Exercise directions → Say the data back exactly as it is written below.

· · · · ·

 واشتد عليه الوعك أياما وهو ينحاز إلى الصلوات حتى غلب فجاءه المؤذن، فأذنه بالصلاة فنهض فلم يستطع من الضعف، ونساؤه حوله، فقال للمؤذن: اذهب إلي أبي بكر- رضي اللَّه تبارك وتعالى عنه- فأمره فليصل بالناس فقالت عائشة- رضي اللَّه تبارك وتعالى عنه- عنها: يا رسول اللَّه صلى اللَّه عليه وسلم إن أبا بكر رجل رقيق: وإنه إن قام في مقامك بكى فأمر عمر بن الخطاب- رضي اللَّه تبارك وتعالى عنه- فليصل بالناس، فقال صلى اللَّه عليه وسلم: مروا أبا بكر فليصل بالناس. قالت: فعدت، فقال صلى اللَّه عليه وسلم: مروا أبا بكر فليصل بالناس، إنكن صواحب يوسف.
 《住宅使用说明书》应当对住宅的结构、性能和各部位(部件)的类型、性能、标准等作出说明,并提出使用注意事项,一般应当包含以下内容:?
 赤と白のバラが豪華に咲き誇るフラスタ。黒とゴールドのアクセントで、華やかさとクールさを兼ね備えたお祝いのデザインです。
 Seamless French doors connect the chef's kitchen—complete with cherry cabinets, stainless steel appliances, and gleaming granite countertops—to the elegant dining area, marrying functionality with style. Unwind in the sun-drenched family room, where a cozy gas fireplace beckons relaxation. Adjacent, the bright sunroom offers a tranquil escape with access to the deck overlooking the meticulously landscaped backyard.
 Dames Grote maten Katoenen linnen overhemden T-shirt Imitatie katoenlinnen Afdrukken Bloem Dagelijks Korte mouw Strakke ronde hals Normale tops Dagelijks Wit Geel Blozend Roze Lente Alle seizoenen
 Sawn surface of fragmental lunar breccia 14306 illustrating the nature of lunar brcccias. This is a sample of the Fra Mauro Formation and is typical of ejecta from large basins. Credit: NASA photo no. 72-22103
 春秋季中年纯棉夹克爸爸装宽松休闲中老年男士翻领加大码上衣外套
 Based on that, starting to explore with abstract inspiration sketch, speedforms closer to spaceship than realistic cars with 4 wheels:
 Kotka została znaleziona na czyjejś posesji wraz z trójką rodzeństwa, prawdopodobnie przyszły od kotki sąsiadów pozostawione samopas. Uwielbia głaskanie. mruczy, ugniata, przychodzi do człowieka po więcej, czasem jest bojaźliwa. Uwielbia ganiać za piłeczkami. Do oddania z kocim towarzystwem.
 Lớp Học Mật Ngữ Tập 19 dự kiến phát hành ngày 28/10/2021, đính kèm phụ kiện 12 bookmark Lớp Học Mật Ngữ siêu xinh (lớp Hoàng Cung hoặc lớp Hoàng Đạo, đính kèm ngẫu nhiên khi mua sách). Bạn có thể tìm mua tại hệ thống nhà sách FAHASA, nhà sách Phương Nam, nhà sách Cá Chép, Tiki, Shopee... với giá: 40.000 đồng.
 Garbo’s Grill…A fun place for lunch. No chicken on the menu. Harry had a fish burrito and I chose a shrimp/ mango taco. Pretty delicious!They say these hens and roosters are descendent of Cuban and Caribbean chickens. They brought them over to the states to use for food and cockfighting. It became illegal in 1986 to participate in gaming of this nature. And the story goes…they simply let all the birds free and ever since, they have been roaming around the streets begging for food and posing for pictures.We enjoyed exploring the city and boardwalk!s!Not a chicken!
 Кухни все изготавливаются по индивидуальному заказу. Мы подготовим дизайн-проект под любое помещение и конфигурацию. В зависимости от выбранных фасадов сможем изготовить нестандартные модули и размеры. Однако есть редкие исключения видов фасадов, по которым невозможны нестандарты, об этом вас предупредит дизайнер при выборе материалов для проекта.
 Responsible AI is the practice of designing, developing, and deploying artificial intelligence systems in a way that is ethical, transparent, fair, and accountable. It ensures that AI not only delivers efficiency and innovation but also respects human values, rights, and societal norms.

· · · · ·

Exercise answer →
 واشتد عليه الوعك أياما وهو ينحاز إلى الصلوات حتى غلب فجاءه المؤذن، فأذنه بالصلاة فنهض فلم يستطع من الضعف، ونساؤه حوله، فقال للمؤذن: اذهب إلي أبي بكر- رضي اللَّه تبارك وتعالى عنه- فأمره فليصل بالناس فقالت عائشة- رضي اللَّه تبارك وتعالى عنه- عنها: يا رسول اللَّه صلى اللَّه عليه وسلم إن أبا بكر رجل رقيق: وإنه إن قام في مقامك بكى فأمر عمر بن الخطاب- رضي اللَّه تبارك وتعالى عنه- فليصل بالناس، فقال صلى اللَّه عليه وسلم: مروا أبا بكر فليصل بالناس. قالت: فعدت، فقال صلى اللَّه عليه وسلم: مروا أبا بكر فليصل بالناس، إنكن صواحب يوسف.
 《住宅使用说明书》应当对住宅的结构、性能和各部位(部件)的类型、性能、标准等作出说明,并提出使用注意事项,一般应当包含以下内容:?
 赤と白のバラが豪華に咲き誇るフラスタ。黒とゴールドのアクセントで、華やかさとクールさを兼ね備えたお祝いのデザインです。
 Seamless French doors connect the chef's kitchen—complete with cherry cabinets, stainless steel appliances, and gleaming granite countertops—to the elegant dining area, marrying functionality with style. Unwind in the sun-drenched family room, where a cozy gas fireplace beckons relaxation. Adjacent, the bright sunroom offers a tranquil escape with access to the deck overlooking the meticulously landscaped backyard.
 Dames Grote maten Katoenen linnen overhemden T-shirt Imitatie katoenlinnen Afdrukken Bloem Dagelijks Korte mouw Strakke ronde hals Normale tops Dagelijks Wit Geel Blozend Roze Lente Alle seizoenen
 Sawn surface of fragmental lunar breccia 14306 illustrating the nature of lunar brcccias. This is a sample of the Fra Mauro Formation and is typical of ejecta from large basins. Credit: NASA photo no. 72-22103
 春秋季中年纯棉夹克爸爸装宽松休闲中老年男士翻领加大码上衣外套
 Based on that, starting to explore with abstract inspiration sketch, speedforms closer to spaceship than realistic cars with 4 wheels:
 Kotka została znaleziona na czyjejś posesji wraz z trójką rodzeństwa, prawdopodobnie przyszły od kotki sąsiadów pozostawione samopas. Uwielbia głaskanie. mruczy, ugniata, przychodzi do człowieka po więcej, czasem jest bojaźliwa. Uwielbia ganiać za piłeczkami. Do oddania z kocim towarzystwem.
 Lớp Học Mật Ngữ Tập 19 dự kiến phát hành ngày 28/10/2021, đính kèm phụ kiện 12 bookmark Lớp Học Mật Ngữ siêu xinh (lớp Hoàng Cung hoặc lớp Hoàng Đạo, đính kèm ngẫu nhiên khi mua sách). Bạn có thể tìm mua tại hệ thống nhà sách FAHASA, nhà sách Phương Nam, nhà sách Cá Chép, Tiki, Shopee... với giá: 40.000 đồng.
 Garbo’s Grill…A fun place for lunch. No chicken on the menu. Harry had a fish burrito and I chose a shrimp/ mango taco. Pretty delicious!They say these hens and roosters are descendent of Cuban and Caribbean chickens. They brought them over to the states to use for food and cockfighting. It became illegal in 1986 to participate in gaming of this nature. And the story goes…they simply let all the birds free and ever since, they have been roaming around the streets begging for food and posing for pictures.We enjoyed exploring the city and boardwalk!s!Not a chicken!
 Кухни все изготавливаются по индивидуальному заказу. Мы подготовим дизайн-проект под любое помещение и конфигурацию. В зависимости от выбранных фасадов сможем изготовить нестандартные модули и размеры. Однако есть редкие исключения видов фасадов, по которым невозможны нестандарты, об этом вас предупредит дизайнер при выборе материалов для проекта.
 Responsible AI is the practice of designing, developing, and deploying artificial intelligence systems in a way that is ethical, transparent, fair, and accountable. It ensures that AI not only delivers efficiency and innovation but also respects human values, rights, and societal norms.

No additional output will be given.